Белл взял чек, внимательно прочел его и порвал на мелкие клочки. Собеседники замолчали.
Некоторое время спустя Белл первым нарушил молчание:
— Что должен я предпринять для того, чтобы возбудить дело о разводе?
— По английскому закону вы можете покинуть вашу супругу, и тогда она может подать прошение в Верховный суд, и суд может приказать вам в течение двух недель возвратиться к вашей супруге.
— Я вернусь через две секунды, если она пожелает, чтобы я вернулся к ней.
— Послушайте, вы безнадежны. Я полагал, что вы осведомляетесь о порядке развода.
— Разумеется. Я хочу избавиться от всего этого отвратительного сплетения обстоятельств. Неужели ничего нельзя предпринять без посвящения мисс Крессуелл во все случившееся?
— Ничего. Ваша супруга должна знать обо всем, — сказал Китсон.
Казалось, он испытывал особую радость от того, что мог злить Белла.
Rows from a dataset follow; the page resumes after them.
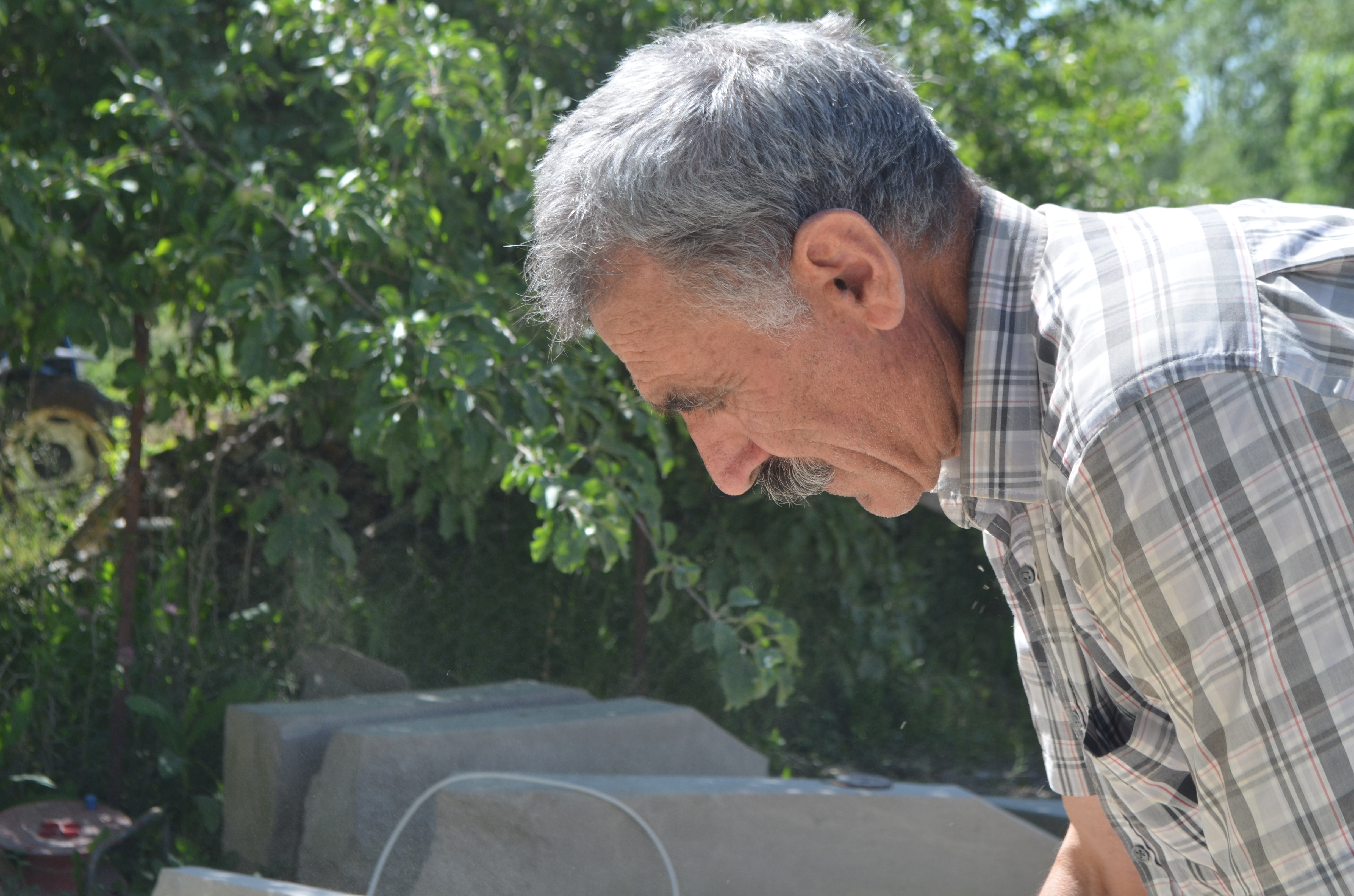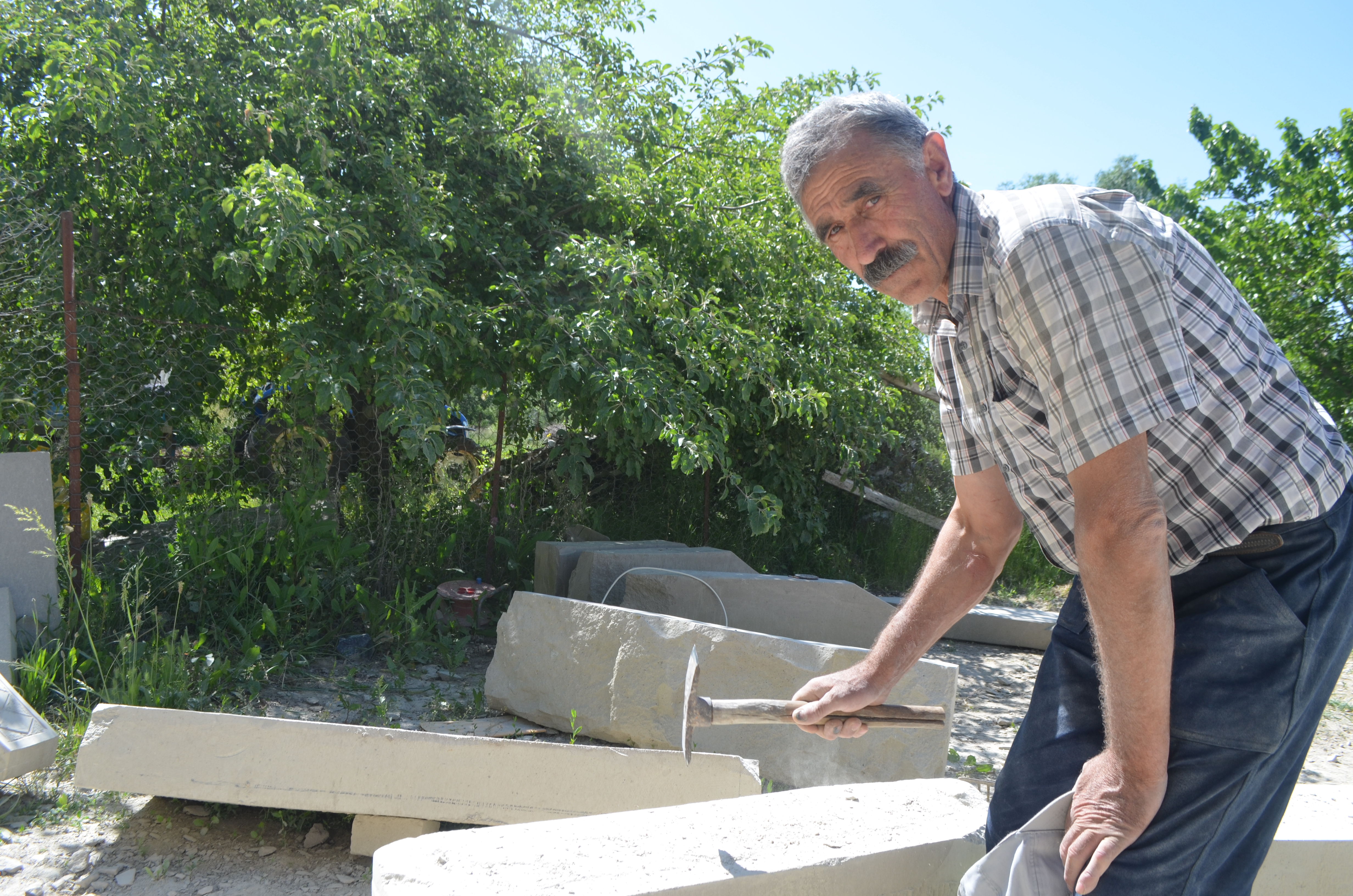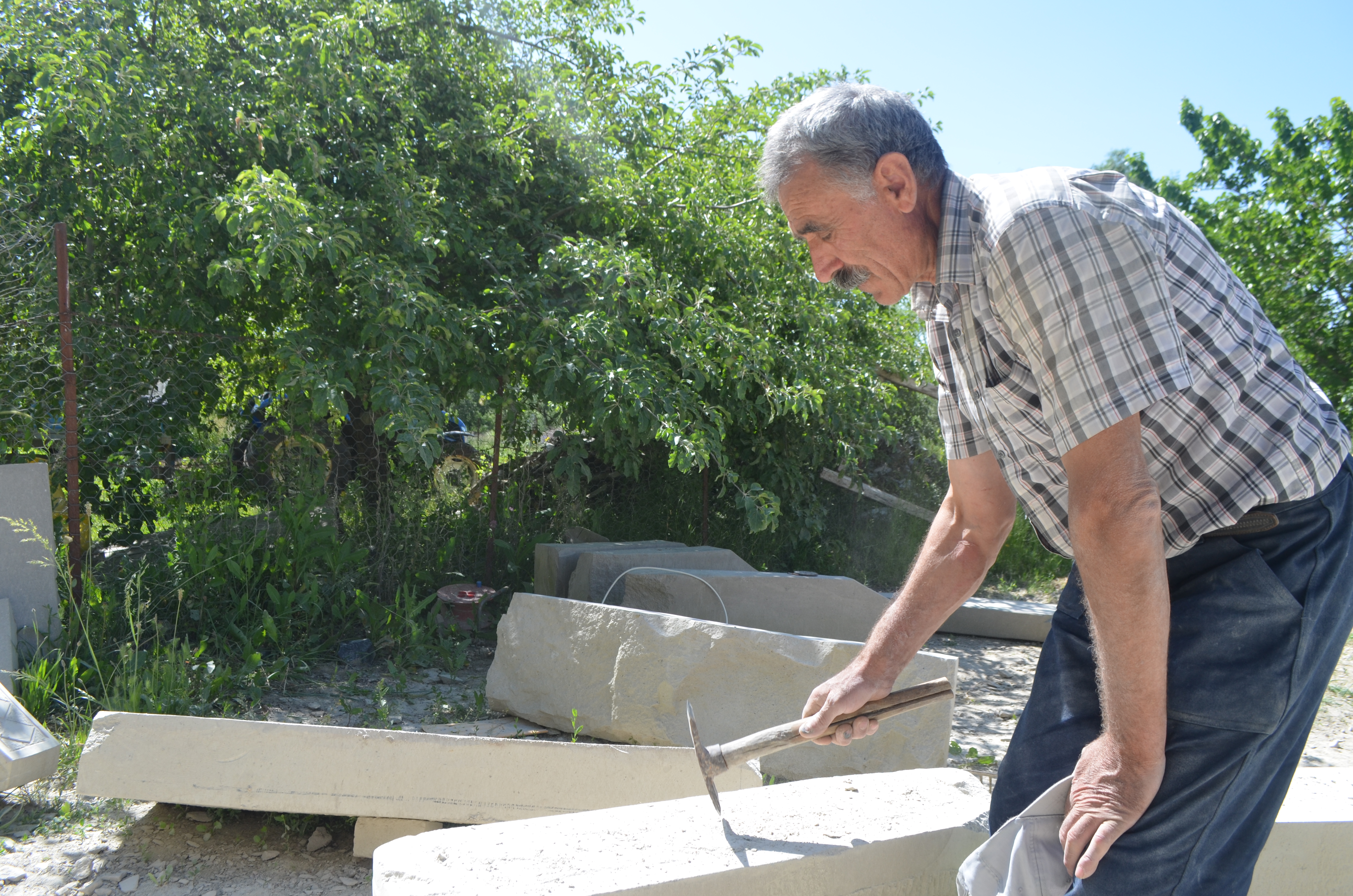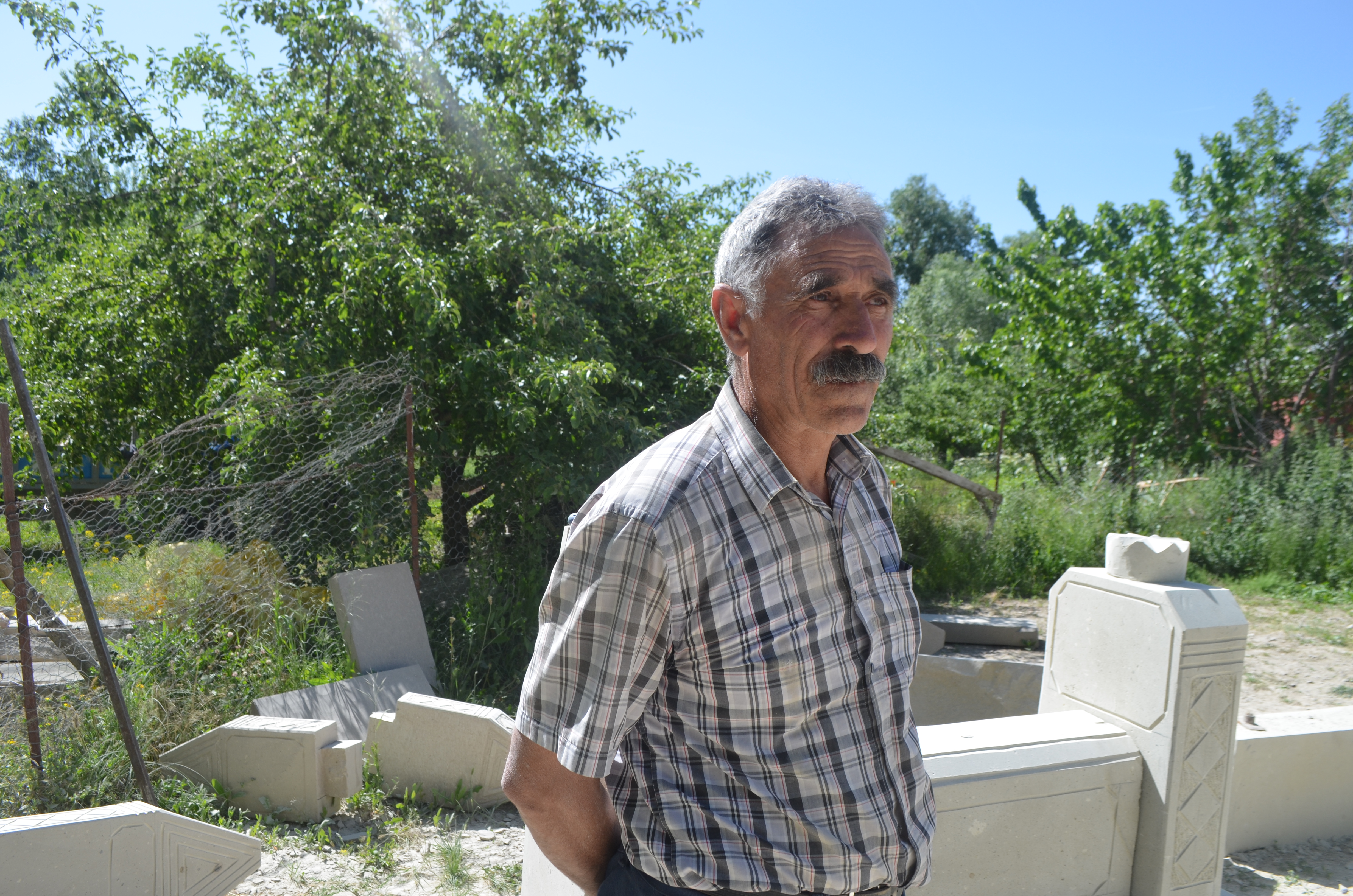 “Sert taşlar işimi zorlaştırıyor tabii ki. Taşların bir kısmını Elazığ’dan bir kısmını Bingöl Karlıova’dan bir kısmını da Erzurum Hınıs’tan getiriyoruz. Köydeki tek mezar ustasıyım. Çırağım yok. Bundan sonra da bu köyde mezar işini yapacak bir insan olacağını tahmin etmiyorum. Kaza yapmaya çok meyilli bir iş, bazen müşterilerinin istediği şekilde olmayabiliyor. En iyi şekilde de yapmış olsam eleştiriler alıyorum tabii ki. Geçimimi bu meslekten sağlıyorum arada bir hayvancılıkla uğraşsam da hayvancılık sezonluk bir iş olduğundan asıl meslek olarak mezarcılık yapıyorum.”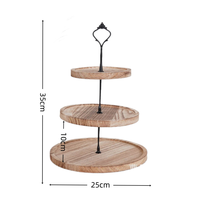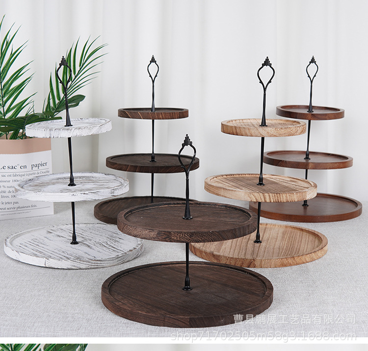 심플한 원형 나무 디저트 테이블 간식 애프터눈 티 디스플레이 스탠드 과일 접시 케이크 테이블 원목 트레이스토어 가기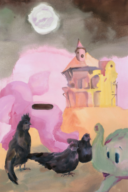 Первой «победой неоинфантилизма» кажется стенд галереи Sistemа на Cosmoscow в 2023 году. Пространство поделено на две части: на одной представлена новая серия живописи и графики Алины Кугуш из проекта «Атлас Чрезвычайных Ситуаций (АЧС)». Это нежные мистические миры, наполненные картографическими фантазиями и мутациями воспоминаний. Интересно, как художница превращает в иллюзию и сами медиа. Материалы притворяются друг другом, где масляная живопись подражает акварельной технике, привычная камерность которой нарушена размером живописного холста.

— Я ни в чем не упрекаю вас, — сказал он, переходя на серьезный тон. — Я упрекаю лишь себя. Когда я дал слово Джону Миллинборну, я и не подозревал о том, какие серьезные последствия может это повлечь. Разве я мог предположить, что сыщик, которому я поручу охрану девушки от охотников за приданым, женится на ней? Я ни на что не жалуюсь, — поспешил он добавить, заметив, что лицо Белла стало красным от бешенства. — Мы можем сожалеть о том, что обстоятельства сложились таким образом, но жертвой этих обстоятельств являемся не мы.
— Совершенно верно, — коротко ответил Белл. — Если бы я был одним из тех пожилых селадонов или
галантных кавалеров, о которых читаешь в книжках, я бы пустил себе пулю в лоб.
— Пожалуй, это было бы выходом из положения, — согласился Китсон. — Но тогда на меня легла бы задача объяснить мисс Оливе, что она стала вдовой.
— Так что же мне делать?
— Закурите сигару. — Китсон протянул своему со- собеседнику сигару, и его старые лукавые глаза загорелись.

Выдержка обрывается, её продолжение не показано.